When you place your data in the ‘cloud’, you are always promised one thing, increased availability. The idea is that companies like Microsoft, Amazon, and Google can build out redundancy at a scale that most companies cannot afford.
But even the best data centers in the world will go offline which is why we always preach that you should be prepared for an outage because it’s not a matter of if, but when. For Microsoft, a couple weeks back, one of their data centers went offline and now we have the full triage report of what happened.

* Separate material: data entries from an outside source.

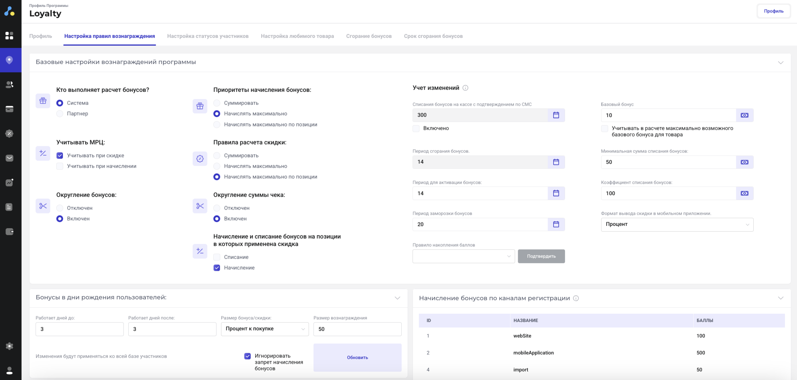 Дают возможность установить: приоритеты начисления бонусов, принцип округления бонусов и суммы чека, логику сгорания бонусов, период для активации бонусов и многое другое.
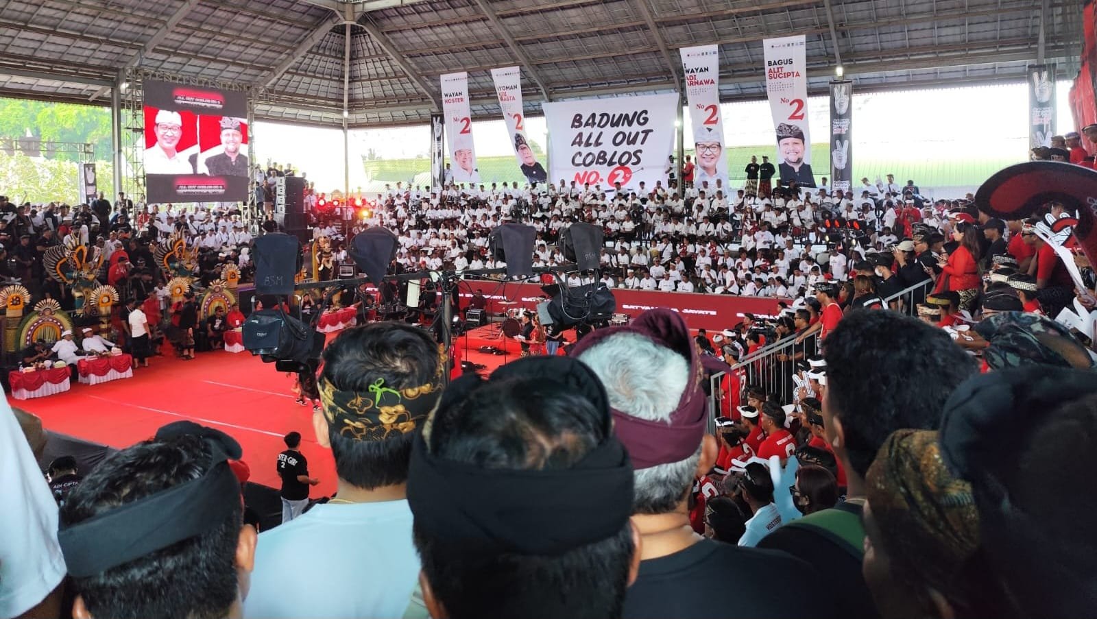 Badung | barometerbali – Puluhan ribu warga Badung penuhi wantilan Desa Sedang, Badung Bali, Minggu, 3 November 2024. Warga Badung antusias ingin bertemu dan mendengar visi misi Paslon Cagub Bali Wayan Koster dan Nyoman Giri Prasta (Koster-Giri) dan Paslon Cagub Bupati Badung Adi Arnawa dan Bagus Alit Sucipta (Adicipta). Massa melebihi target awal 10 ribu orang.
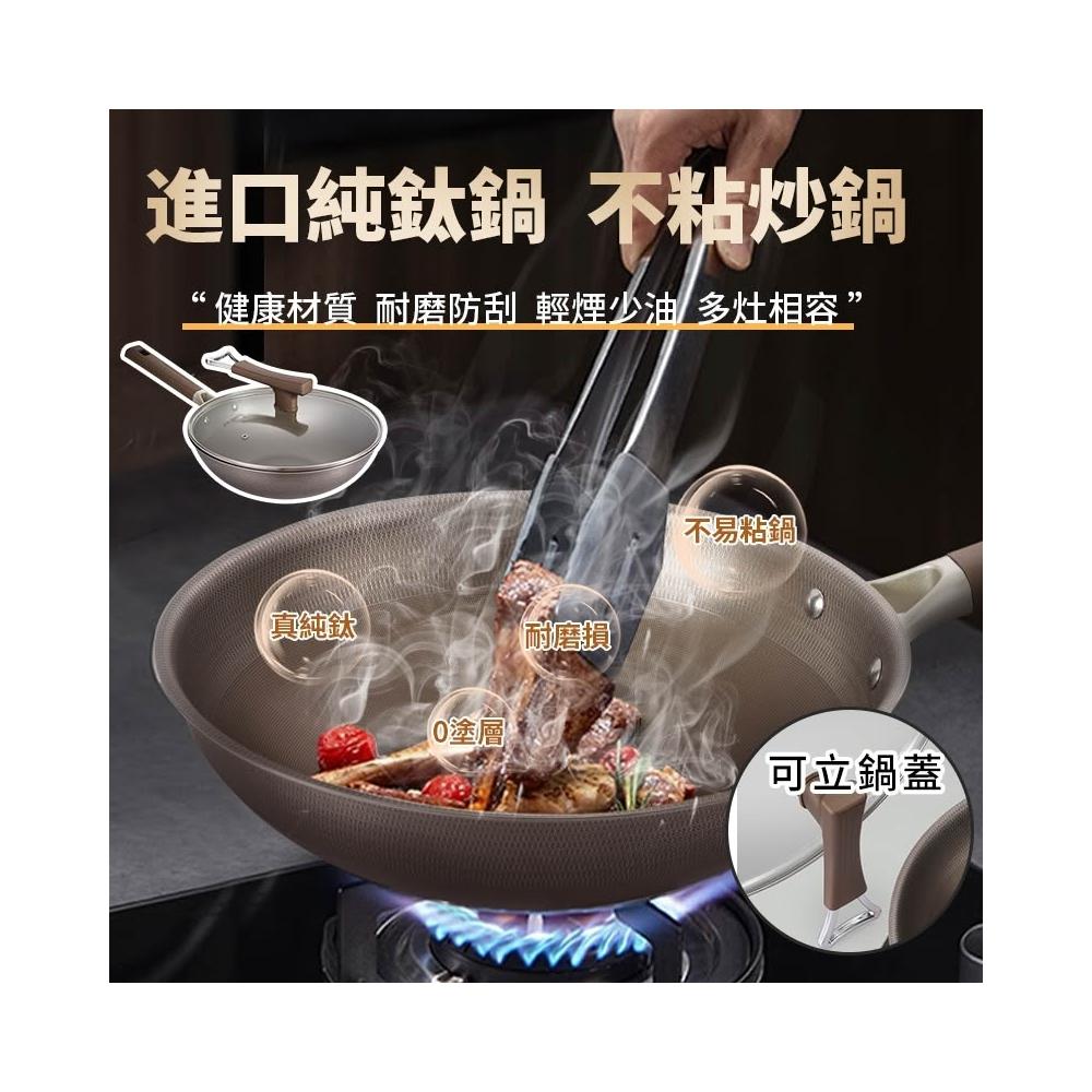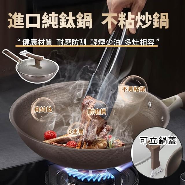 鈦鍋 有鈦鍋 可立蓋 帶蒸籠 特級鈦鍋 雙面鈦 平底鍋 不沾鍋 炒鍋 少油煙 無塗層炒菜鍋 電磁爐燃氣竈IH爐 煎鍋
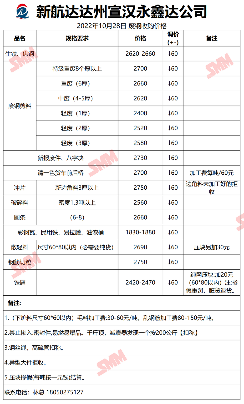 今日达州宣汉永鑫达 废钢收购报价已更新,有货的朋友欢迎联系我们!
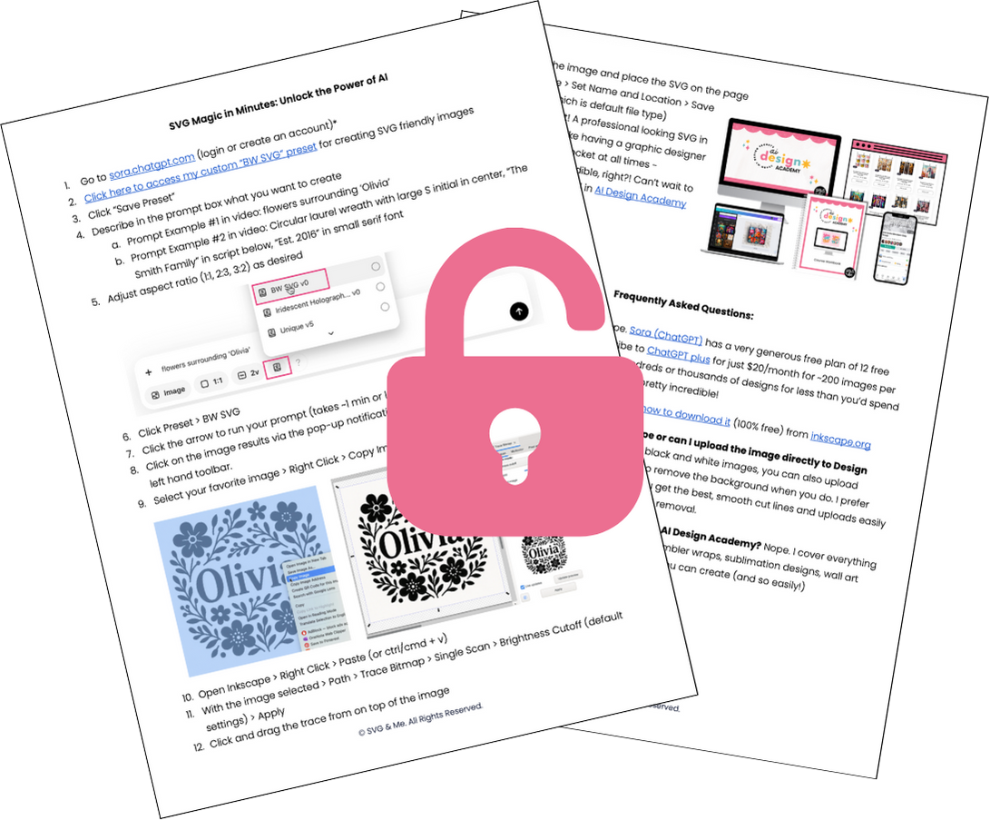 A SVG is the file type that works best with cutting machines like Cricut, Silhouette, etc. However, even if you don't have a cutting machine, check out the training because you can use the images you create with AI to make so many things from sublimation designs, phone backgrounds, wall art and more! The options are truly endless...
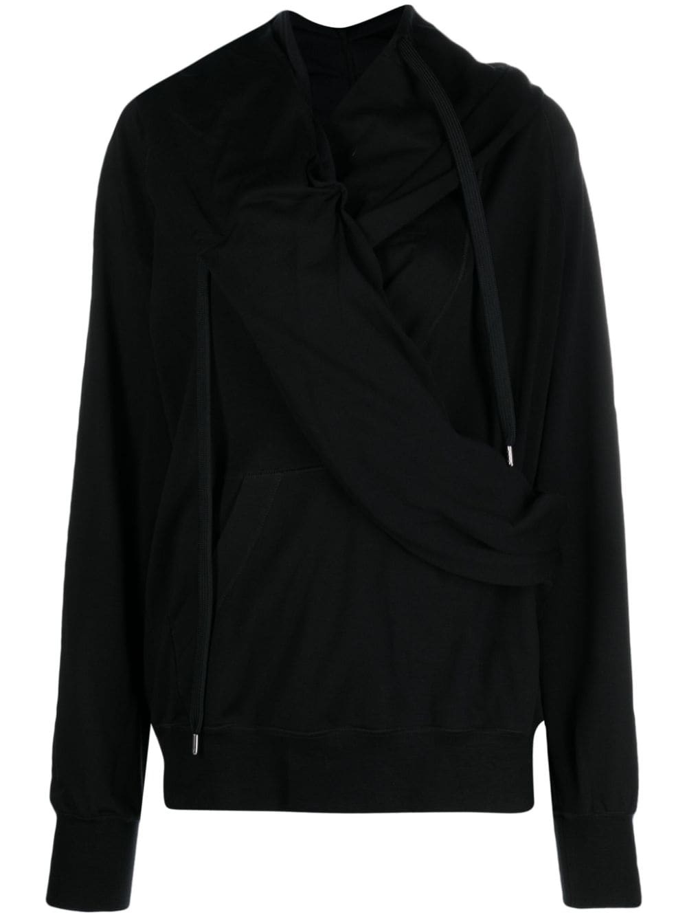 draped cotton-blend hoodie Highlights - Black - Cotton blend - Jersey texture - Draped detailing - Drawstring hood - Long sleeves - Fitted-cuff sleeves - Straight hem Imported Composition Cotton 62%, Rayon 38% SIZE & FIT Measurement SLEEVE LENGTH 33.93 in(86.2 cm) LENGTH 25.55 in(64.9 cm) WIDTH 23.22 in(59 cm) Washing instructions Hand Wash

Thanks to the company’s transparency, you can read exactly what happened here. The short version of it is that an electrical storm, after multiple repeated strikes, tripped all of the protections in place to prevent such a failure. Specifically, the cooling system inside the data center failed and as the temperatures quickly peaked above safe levels; automated shutdown procedures started running to protect the hardware inside the facilities.
The temperatures delta was so fast that some hardware was damaged by the high heat before the shutdown procedures could be completed; this is why some users experienced an extended outage as Microsoft was recovering and migrating data.
This type of an outage is one that was not directly Microsoft’s fault and despite their best efforts to prepare for an electrical storm strike, their protections failed to isolate the data center successfully. This is a good lesson in that building out a data center is not an easy task and despite our best knowledge about how to avoid disaster at this scale, we still have a lot to learn.